The lines below, from the one containing "TENGOO Electric Heating" through the one containing "8月10日,新疆生產建設兵團", should be set down exactly, with no pictures and nothing else.
___ STORED DATA ___
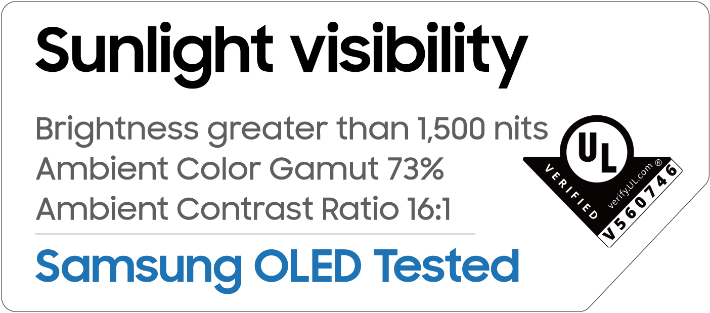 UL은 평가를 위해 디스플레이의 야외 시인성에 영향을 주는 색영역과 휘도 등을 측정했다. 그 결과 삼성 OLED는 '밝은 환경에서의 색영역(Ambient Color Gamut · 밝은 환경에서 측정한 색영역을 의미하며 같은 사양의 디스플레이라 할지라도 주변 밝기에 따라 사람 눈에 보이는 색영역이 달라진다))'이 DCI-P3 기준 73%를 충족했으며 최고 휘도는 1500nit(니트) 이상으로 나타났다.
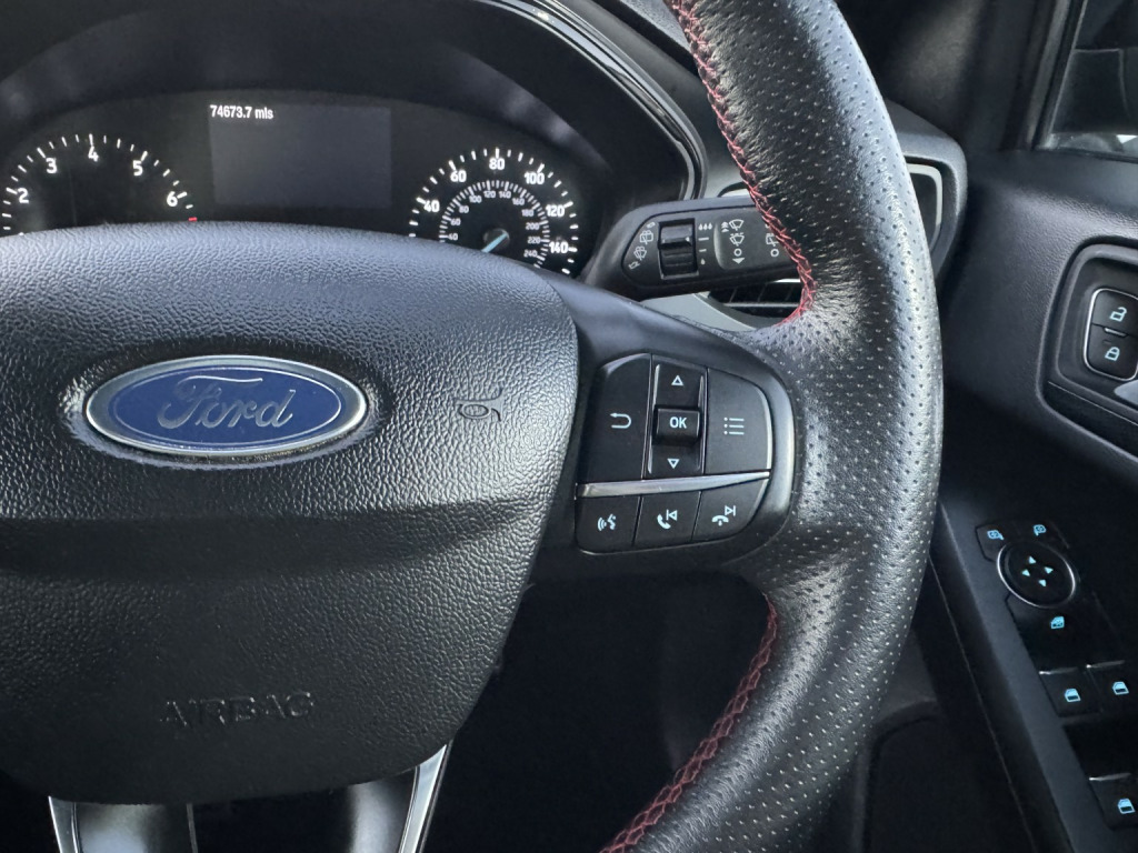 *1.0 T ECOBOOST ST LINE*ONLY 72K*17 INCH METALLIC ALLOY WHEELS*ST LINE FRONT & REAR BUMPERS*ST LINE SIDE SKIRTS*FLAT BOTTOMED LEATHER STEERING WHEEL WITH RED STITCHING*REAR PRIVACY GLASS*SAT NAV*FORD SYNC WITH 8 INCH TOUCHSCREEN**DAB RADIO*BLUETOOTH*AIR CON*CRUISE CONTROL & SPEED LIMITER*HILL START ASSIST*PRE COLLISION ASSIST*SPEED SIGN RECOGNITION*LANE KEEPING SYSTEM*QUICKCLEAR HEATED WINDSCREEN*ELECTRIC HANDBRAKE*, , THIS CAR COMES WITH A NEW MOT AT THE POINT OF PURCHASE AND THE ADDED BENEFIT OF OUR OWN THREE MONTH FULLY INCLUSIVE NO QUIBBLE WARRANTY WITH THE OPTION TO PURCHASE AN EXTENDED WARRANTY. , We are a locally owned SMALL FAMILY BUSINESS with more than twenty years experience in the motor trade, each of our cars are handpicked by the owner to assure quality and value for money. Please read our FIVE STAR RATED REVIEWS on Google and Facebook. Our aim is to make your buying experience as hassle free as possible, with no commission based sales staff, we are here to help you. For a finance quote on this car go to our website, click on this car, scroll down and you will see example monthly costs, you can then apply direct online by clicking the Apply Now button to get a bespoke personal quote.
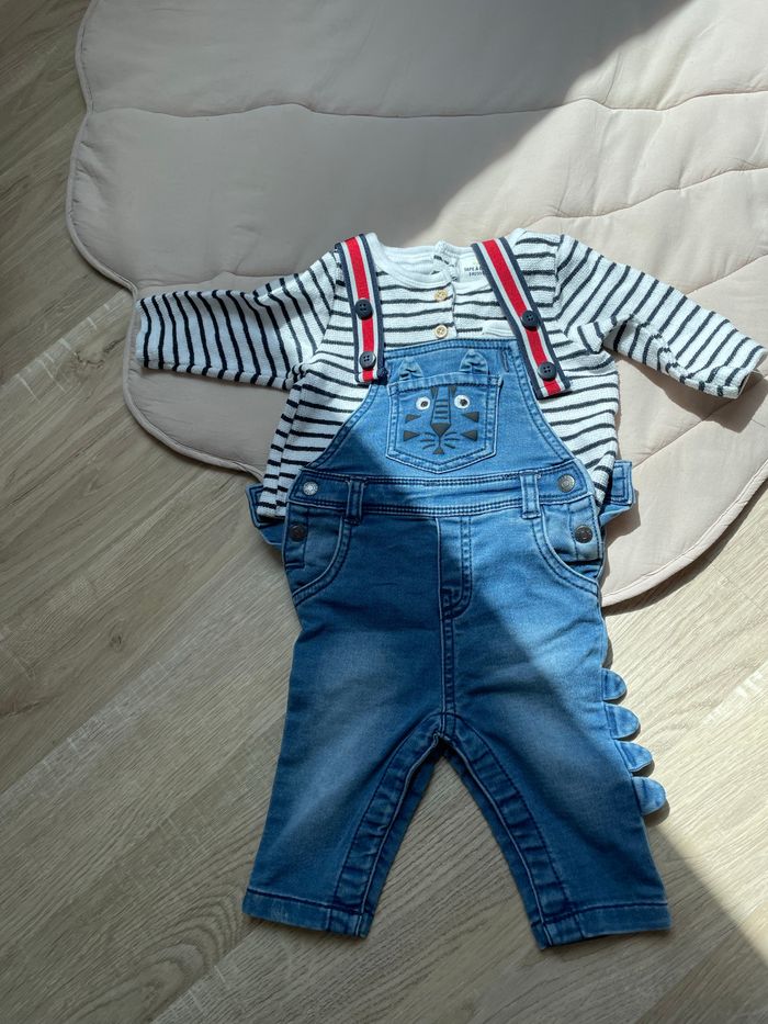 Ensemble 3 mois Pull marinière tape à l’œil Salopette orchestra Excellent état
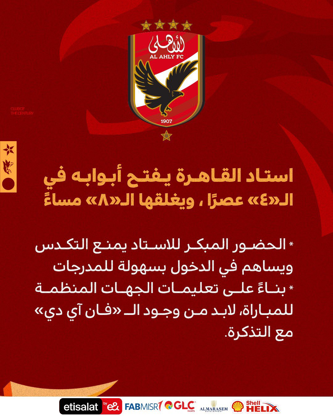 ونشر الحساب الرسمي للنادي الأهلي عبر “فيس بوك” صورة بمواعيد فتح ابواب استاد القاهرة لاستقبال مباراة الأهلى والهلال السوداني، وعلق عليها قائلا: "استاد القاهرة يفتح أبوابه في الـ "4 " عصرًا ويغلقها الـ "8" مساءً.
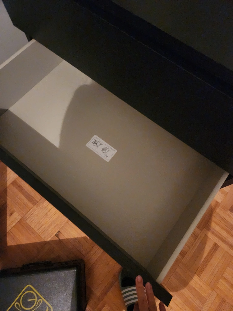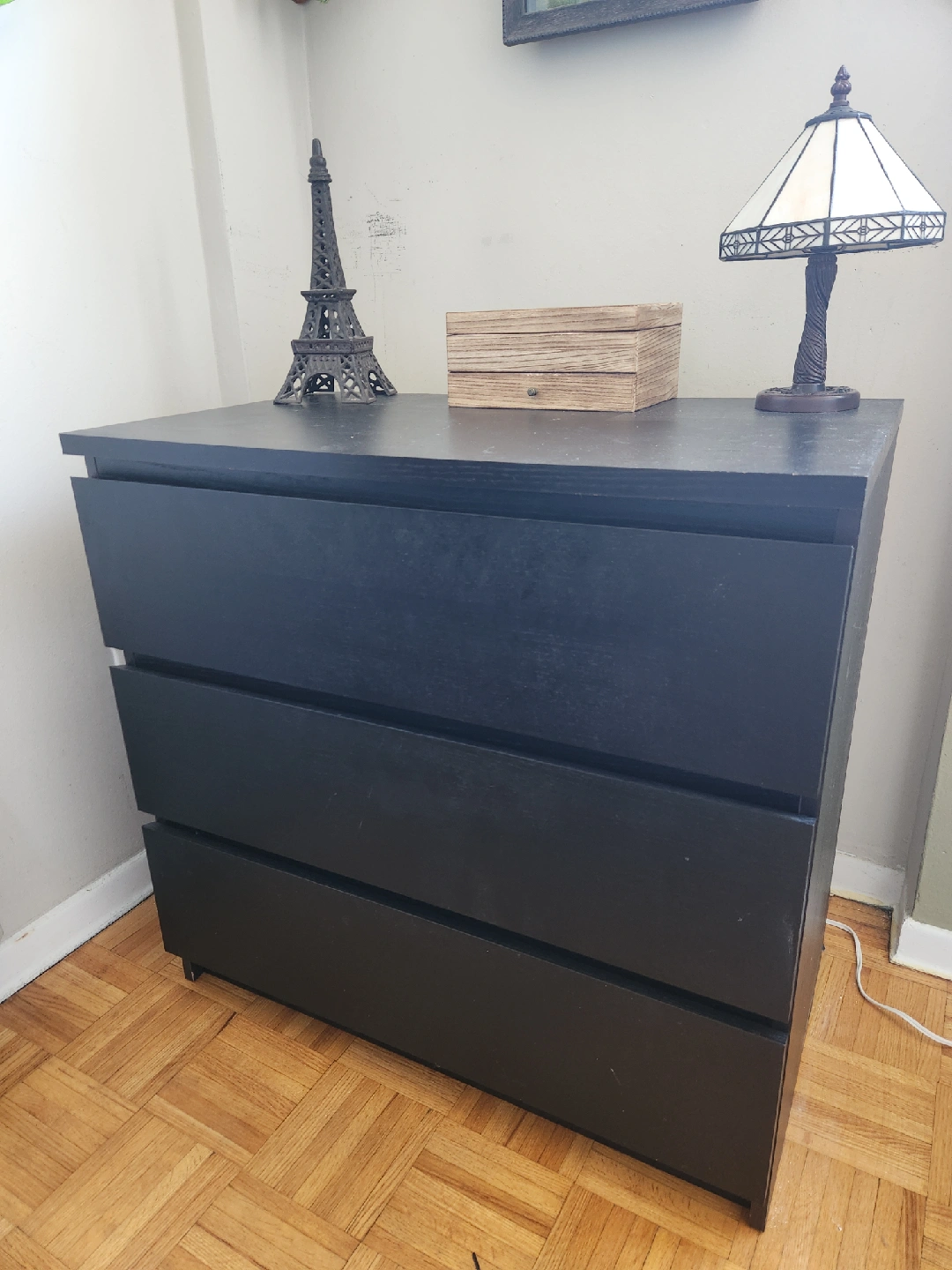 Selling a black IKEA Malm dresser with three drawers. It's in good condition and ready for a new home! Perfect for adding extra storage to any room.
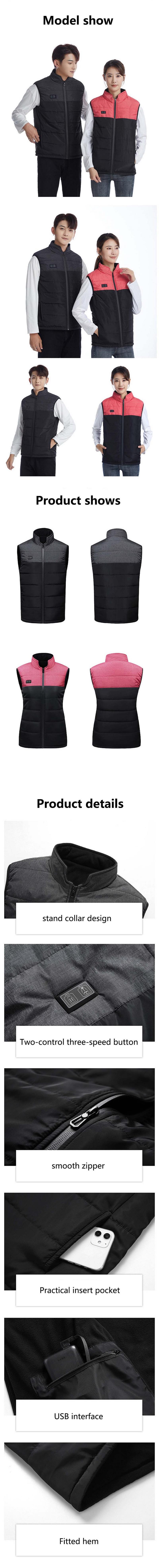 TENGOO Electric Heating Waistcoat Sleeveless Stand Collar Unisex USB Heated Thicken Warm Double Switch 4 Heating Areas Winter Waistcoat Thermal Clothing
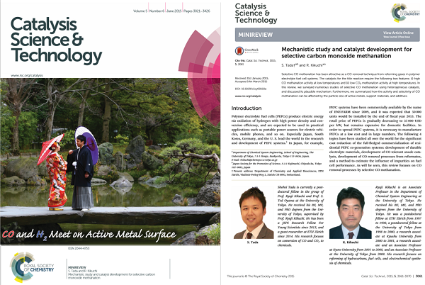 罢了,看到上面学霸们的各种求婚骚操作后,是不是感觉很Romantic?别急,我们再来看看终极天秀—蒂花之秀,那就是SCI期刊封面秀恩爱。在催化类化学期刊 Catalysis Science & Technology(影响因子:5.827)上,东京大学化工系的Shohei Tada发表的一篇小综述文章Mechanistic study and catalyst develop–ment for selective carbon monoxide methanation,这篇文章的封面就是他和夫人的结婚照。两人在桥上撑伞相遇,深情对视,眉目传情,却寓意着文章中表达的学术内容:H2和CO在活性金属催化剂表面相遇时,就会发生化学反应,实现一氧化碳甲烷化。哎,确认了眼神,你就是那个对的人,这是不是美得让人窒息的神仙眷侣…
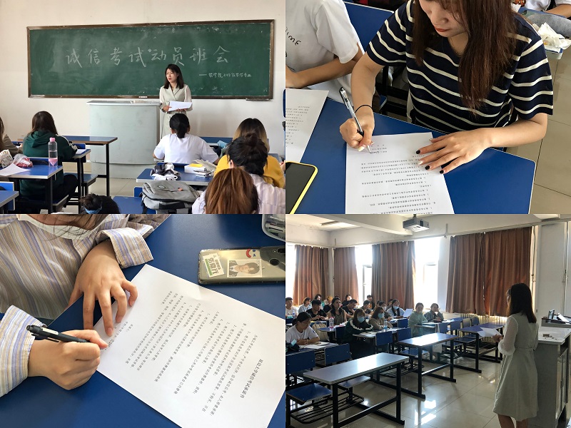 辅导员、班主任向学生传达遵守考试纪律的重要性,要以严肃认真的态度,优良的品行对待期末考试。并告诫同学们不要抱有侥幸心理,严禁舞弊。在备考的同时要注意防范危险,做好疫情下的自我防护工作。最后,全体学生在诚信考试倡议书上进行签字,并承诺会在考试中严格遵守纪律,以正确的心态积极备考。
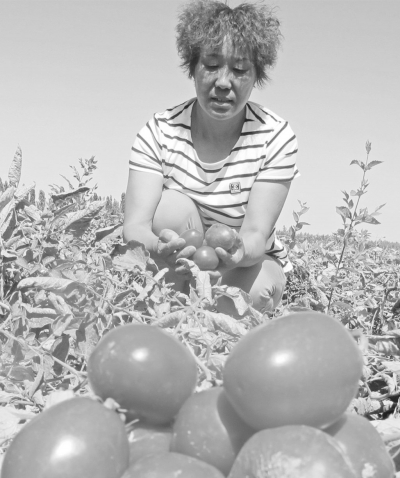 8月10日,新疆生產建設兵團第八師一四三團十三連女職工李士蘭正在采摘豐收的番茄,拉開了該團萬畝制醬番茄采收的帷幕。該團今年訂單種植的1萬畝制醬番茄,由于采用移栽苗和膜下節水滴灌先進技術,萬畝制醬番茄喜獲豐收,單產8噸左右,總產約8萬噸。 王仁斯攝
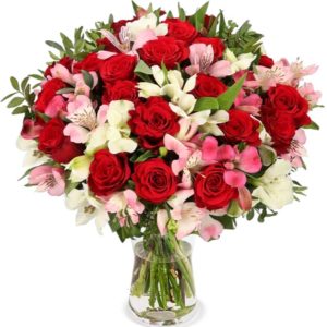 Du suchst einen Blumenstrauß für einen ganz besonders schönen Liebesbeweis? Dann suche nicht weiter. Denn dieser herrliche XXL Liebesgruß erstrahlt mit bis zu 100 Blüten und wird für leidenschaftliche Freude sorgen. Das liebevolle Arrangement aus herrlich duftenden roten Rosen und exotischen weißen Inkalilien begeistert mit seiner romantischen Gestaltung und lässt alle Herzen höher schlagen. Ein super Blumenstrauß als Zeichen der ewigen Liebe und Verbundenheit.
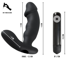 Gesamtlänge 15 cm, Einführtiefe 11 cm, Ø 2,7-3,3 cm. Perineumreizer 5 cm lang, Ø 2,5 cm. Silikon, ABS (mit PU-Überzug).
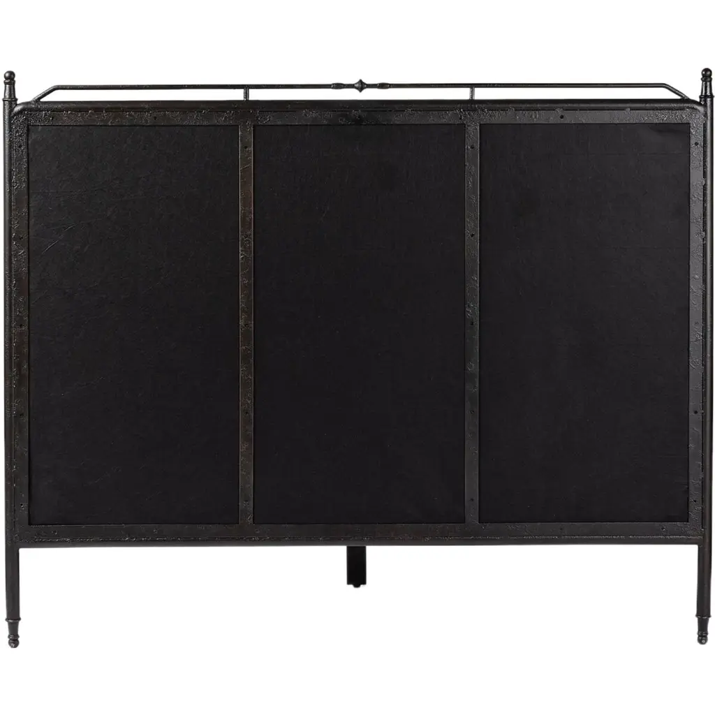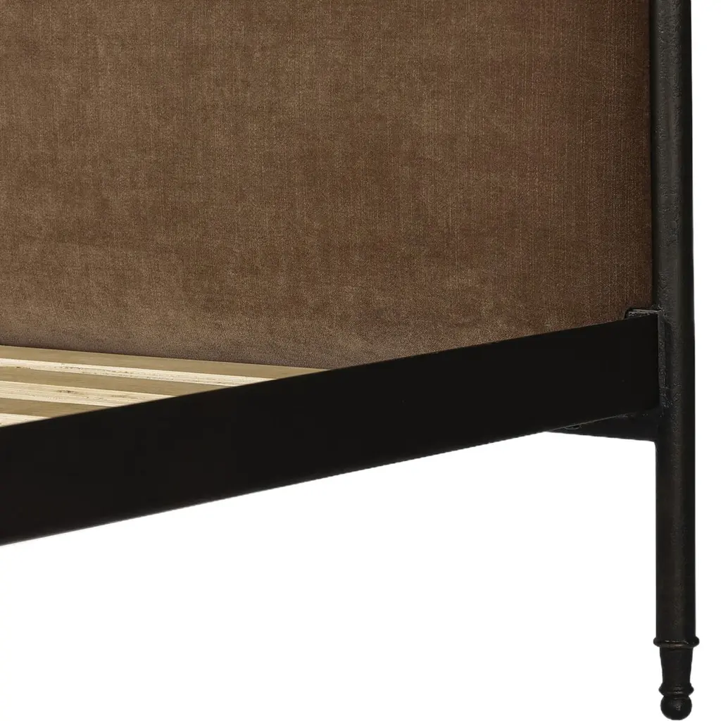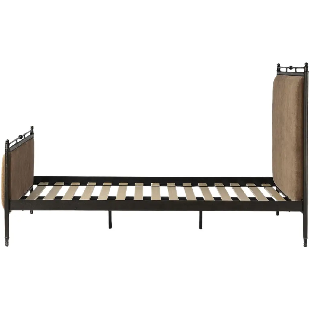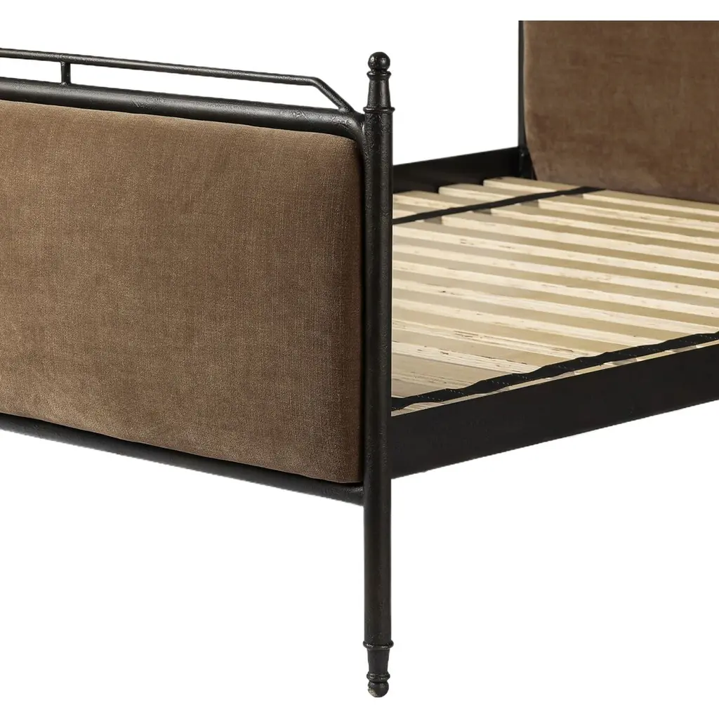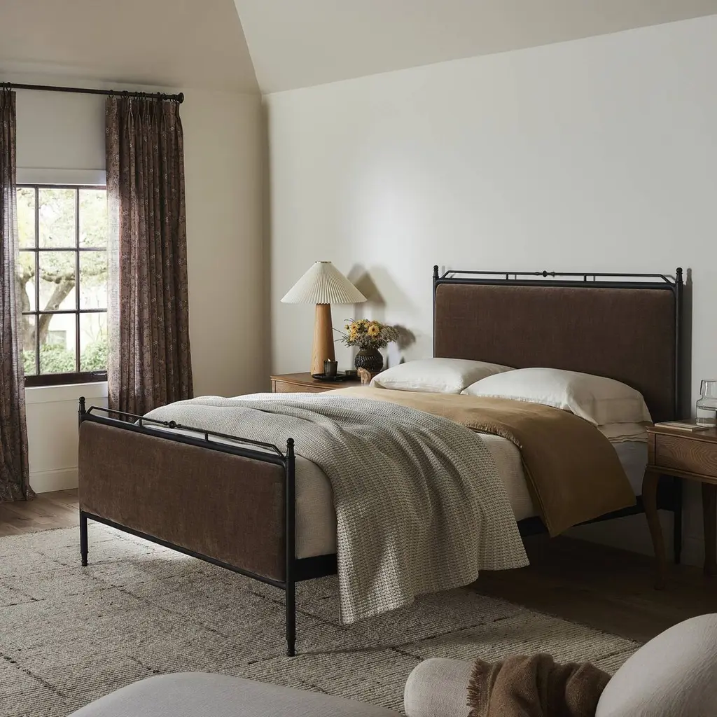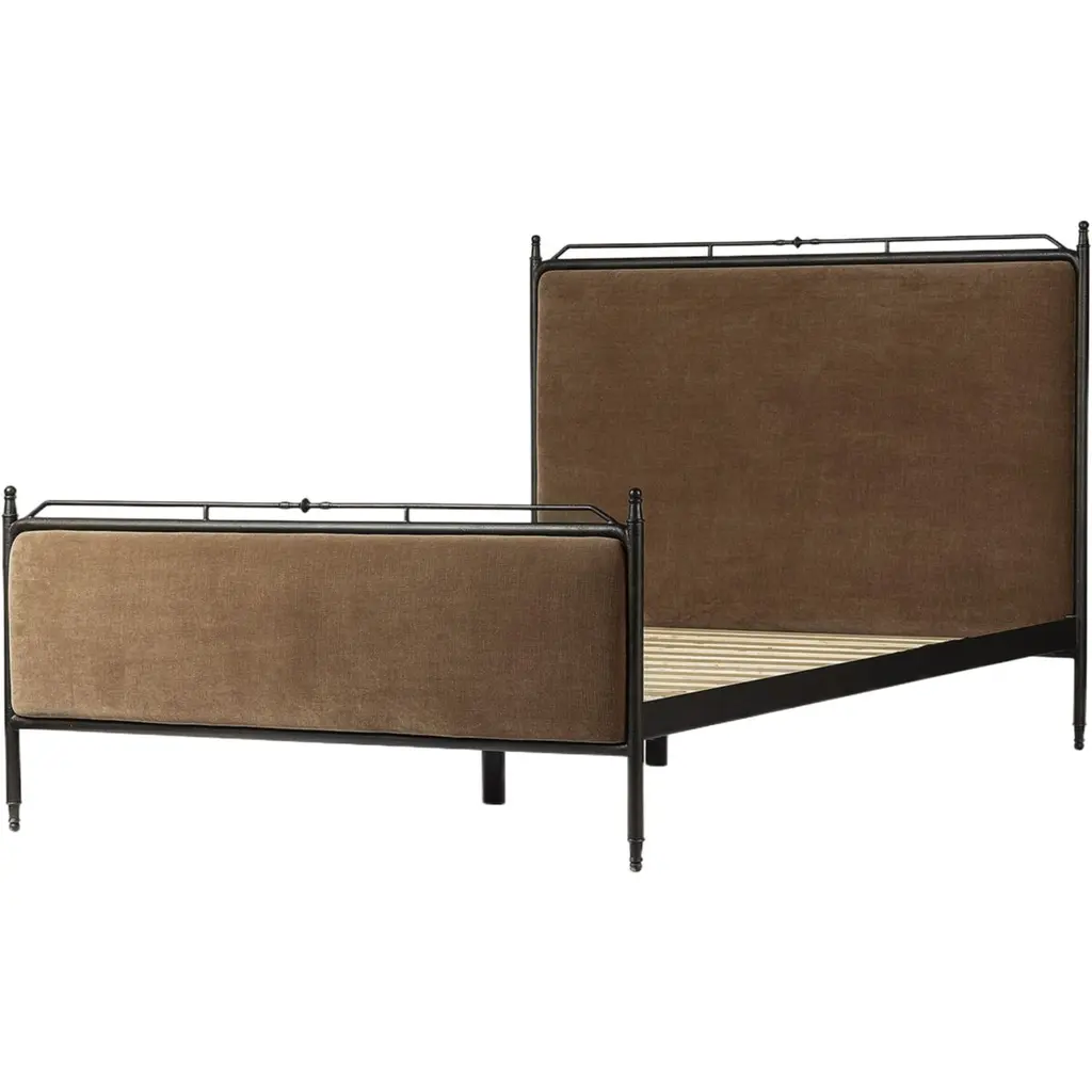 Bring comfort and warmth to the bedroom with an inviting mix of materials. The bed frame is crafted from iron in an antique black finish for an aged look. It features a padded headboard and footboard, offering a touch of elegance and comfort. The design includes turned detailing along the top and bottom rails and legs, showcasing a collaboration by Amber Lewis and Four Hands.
___
> SOLUTION FOR THIS PROBLEM
 TENGOO Electric Heating Waistcoat Sleeveless Stand Collar Unisex USB Heated Thicken Warm Double Switch 4 Heating Areas Winter Waistcoat Thermal Clothing
 罢了,看到上面学霸们的各种求婚骚操作后,是不是感觉很Romantic?别急,我们再来看看终极天秀—蒂花之秀,那就是SCI期刊封面秀恩爱。在催化类化学期刊 Catalysis Science & Technology(影响因子:5.827)上,东京大学化工系的Shohei Tada发表的一篇小综述文章Mechanistic study and catalyst develop–ment for selective carbon monoxide methanation,这篇文章的封面就是他和夫人的结婚照。两人在桥上撑伞相遇,深情对视,眉目传情,却寓意着文章中表达的学术内容:H2和CO在活性金属催化剂表面相遇时,就会发生化学反应,实现一氧化碳甲烷化。哎,确认了眼神,你就是那个对的人,这是不是美得让人窒息的神仙眷侣…
 辅导员、班主任向学生传达遵守考试纪律的重要性,要以严肃认真的态度,优良的品行对待期末考试。并告诫同学们不要抱有侥幸心理,严禁舞弊。在备考的同时要注意防范危险,做好疫情下的自我防护工作。最后,全体学生在诚信考试倡议书上进行签字,并承诺会在考试中严格遵守纪律,以正确的心态积极备考。
 8月10日,新疆生產建設兵團第八師一四三團十三連女職工李士蘭正在采摘豐收的番茄,拉開了該團萬畝制醬番茄采收的帷幕。該團今年訂單種植的1萬畝制醬番茄,由于采用移栽苗和膜下節水滴灌先進技術,萬畝制醬番茄喜獲豐收,單產8噸左右,總產約8萬噸。 王仁斯攝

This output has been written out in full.